Funzione Pubblica Cgil a congresso: il valore dell’inclusione

fplogoCon la bella relazione di Alessandra Ghirotti, giovedì 11 ottobre si è aperto il congresso della Funzione Pubblica Cgil di Como. Un appuntamento ricco ed interessante per un sindacato capace di interpretare il suo ruolo di rappresentanza e tutela dei lavoratori con uno sguardo sul mondo curioso, inclusivo e solidale.

Un congresso importante, 82 delegati (con una netta maggioranza per le lavoratrici) per 2798 iscritti, che si svolge in un luogo simbolico per la categoria, il CFP di via Bellinzona, azienda formativa pubblica che risponde con la qualità alle gravi carenze del sistema formativo e di avviamento al lavoro, regionale e nazionale. Un congresso dedicato a Lucia Cassina, segretaria della categoria dal 2001 al 2009, compagna indimenticabile per tutti coloro che hanno condiviso con lei il percorso sindacale e politico.

congresso fp

La relazione ha offerto un quadro molto preciso di un settore del mondo del lavoro assai complesso ed in continua evoluzione.

Guarda i video della relazione di Alessandra Ghirotti:

introduzione

attività – prospettive – funzioni centrali

sanità

enti locali

ipab, igiene ambientale, terzo settore

jobs act

migranti, sicurezza

conclusioni

Chi pensa che la Funzione Pubblica sia solo il sindacato degli impiegati sbaglia di grosso: sotto questa sigla si organizzano i lavoratori della sanità, pubblica e privata, dell’igiene urbana, delle case di riposo, del “terzo settore”. Tanti contratti diversi, persino all’interno dello stesso posto di lavoro, tanta precarietà (altro che posto fisso garantito!), una composizione sociale che va dall’operatore ecologico al medico specialista, una strategia rivendicativa che deve fare i conti ogni giorno con i pesantissimi tagli della spesa pubblica che si susseguono di anno in anno e che nessun governo (tanto meno quello attuale) si guarda bene dal mettere in discussione. Una categoria in constante crescita di iscritti dal 2009 ad oggi, malgrado il quasi completo blocco delle assunzioni nei ministeri e negli Enti Locali, compensato dall’aumento di lavoratori contrattualizzati con contratti privati a bassa tutela.

Ci si potrebbe aspettare che la crescente precarietà possa portare all’abbandono di certe “bandiere” sindacali.
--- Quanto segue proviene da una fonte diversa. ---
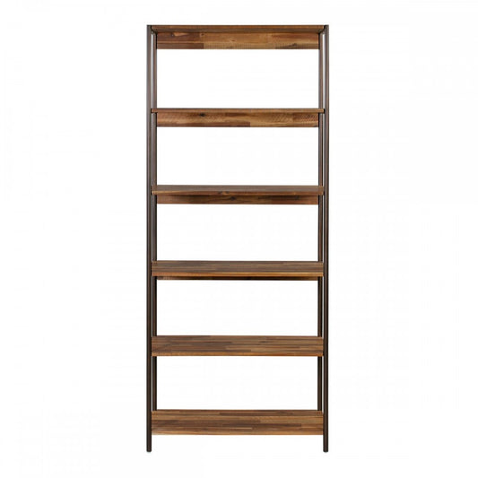 Contemporary Metal and Wood 5-Shelf Ladder Bookshelf - Rustic Oak

Non è cosi, è ancora forte la spinta ideale degli iscritti per i grandi temi della tradizione rivendicativa CGIL: la riforma della P.A., la semplificazione amministrativa, la partecipazione dei lavoratori ai processi di cambiamento, la difesa dei valori costituzionali, il valore anche etico del lavoro pubblico.

Temi che trovano sempre meno ascolto nel sistema politico locale e nazionale, sempre più povero di idealità e di progettualità, e che ancor meno incontrano il favore dei grandi apparati di comunicazione, sempre pronti a sparare sui dipendenti pubblici. Persino il Sindaco Landriscina, in un intervento di saluto tanto lungo quanto vuoto di contenuti e sfuggente dai problemi concreti della sua amministrazione, ha dovuto ammettere il disagio che prova quando si trova di fronte all’accanimento ingiustificato di molte persone nei confronti del lavoro pubblico.

Al contrario, la relazione questi temi li ha presi di petto, con un’analisi dettagliata comparto per comparto, con uno sguardo non neutrale ma “dalla parte dei lavoratori” come deve essere un Sindacato all’altezza dei tempi.

E all’altezza dei tempi è anche la scelta di aprire il congresso a voci ed esperienze dei sindacati pubblici di Francia e Svizzera, perché la difesa dei diritti si realizza su una dimensione europea, non rinchiudendosi in piccole patrie; o voci come quella di Severino Proserpio, per leggere le migrazioni con gli occhi dell’operatore pubblico, ma anche con gli occhi dell’operatore di strada, per uscire dalla retorica dell’aiutiamoli a casa loro e entrare nel concreto dei processi epocali che abbiamo di fronte, che coinvolgono migranti e nativi e che si traducono in bisogni, fragilità e disagi che l’operatore pubblico incontra ogni giorno. Ritorna anche qui il tema della coesione sociale, da costruire rivendicando diritti ma anche praticando quotidianamente forme di resilienza, di organizzazione dal basso, di gestione condivisa dei beni comuni, che impegnano anch’esse l’operatore pubblico in un lavoro prezioso di accompagnamento, supporto e collaborazione.

Ci sarà spazio anche nel secondo giorno di congresso – accanto al rituale delle votazioni sui documenti e sul rinnovo delle cariche – per questo approccio di buona politica, con la tavola rotonda pomeridiana Migranti, lavoro, sindacato, prospettive europee.